“The Salvation Army will attract the Kingdom of the Devil in Harry Hill’s Variety Theater on Sunday, March 14, 1880 at 6:30 pm sharp” Thus read the announcement of the first public meeting of the Army in the United States. It was a meeting of the strangest of bedfellows — the Army and the infamous Harry Hill who ran New York’s most well-know concert saloon, a place they said was “nothing more than one of the many gates to hell.”
A small platoon of the Salvation Army under the command of George Scott Railton had arrived in New York City just two days earlier. The enterprising Harry Hill, having read about their arrival from England, contacted Railton with an offer to pay the group to take the stage on Sunday evening. Although Railton was warned that respectable people would refuse to attend a meeting in such a vile place, Railton was intrigued by the idea that such a notorious sinner would welcome him before any of the local churches did.
On Sunday evening, Railton and seven Salvation Army lasses took the stage. Railton knelt and the seven lasses formed a semicircle around him assuming “various and curious positions.” They sang hymns and invited the audience to repent and be saved. The audience applauded politely, but other than one habitual drunkard, Ashbarrel Jimmie, no one accepted the invitation to repent.
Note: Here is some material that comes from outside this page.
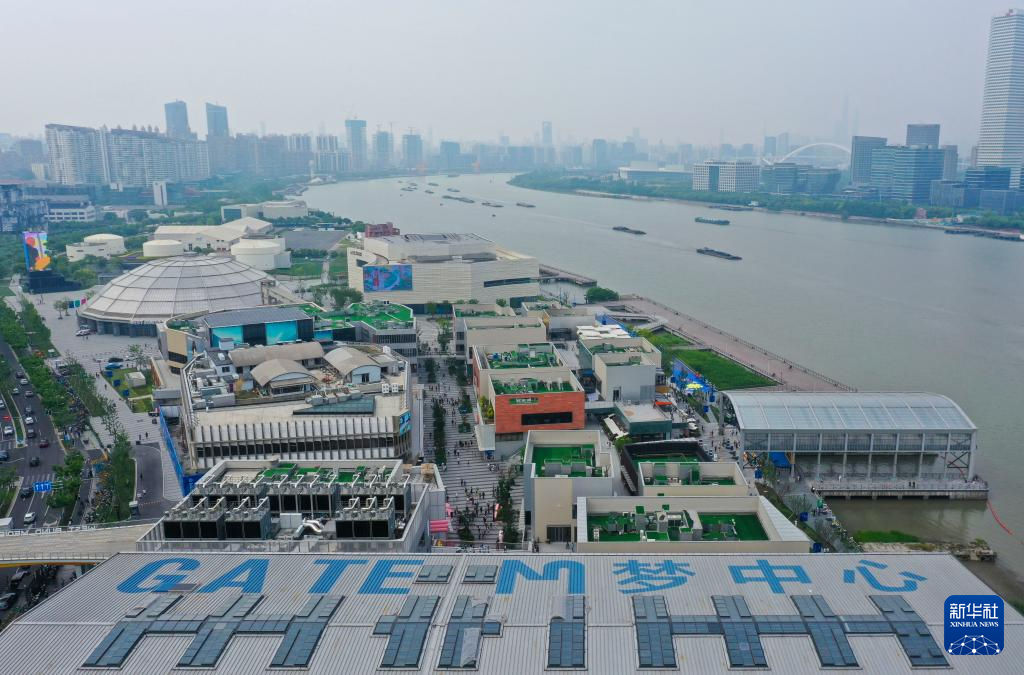坐落在黄浦江畔的西岸梦中心(5月17日摄,无人机照片)。

Undeterred, the Salvation Army soldiered on and, red kettle by red kettle, became a fixture in the United States.
Saving Nanki-Poo
Gilbert and Sullivan’s most famous work The Mikado premiered in London in 1885. It almost didn’t happen. A year earlier, Arthur Sullivan, whining about his
precarious health and a desire to devote himself to more serious music, told W.S. Gilbert that he couldn’t bring himself to do another piece of the kind the two had previously written. Gilbert was surprised to hear of Sullivan’s qualms, having started work on a new opera in which people fell in love against their wills after taking a magic lozenge. Gilbert wrote Sullivan asking him to reconsider, but the composer replied that he was through with such operas. Gilbert, after much whining of his own, persuaded Sullivan by promising a plot in which no supernatural element occurs “. . . a consistent plot, free from anachronisms, constructed in perfect good faith and to the best of my ability.”
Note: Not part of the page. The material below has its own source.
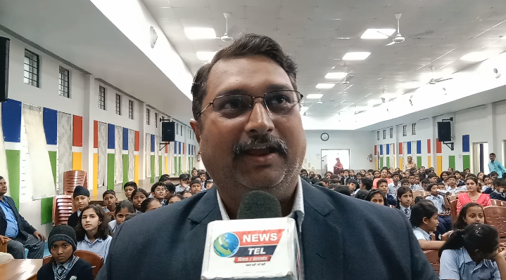 न्यूज़ टेल को संबोधित करते वरीय वाणिज्य अध्यापक मुकेश कुमार झा

The Mikado was born. With a setting in Japan, an exotic locale far away from Britain, Gilbert was able to poke fun at British politics and institutions by disguising them as Japanese and, with Sullivan’s music, create one of the greatest comic operas, featuring such characters as Nanki-Poo, the wandering minstrel; Yum-Yum, Nanki-Poo’s love; Ko-Ko, the Lord High Executioner; and Pooh-Bah, the Lord High Everything Else. This is the origin of the word poo-bah — a pretty important person, a high muckety-muck, nabob, honcho, Donald Trump.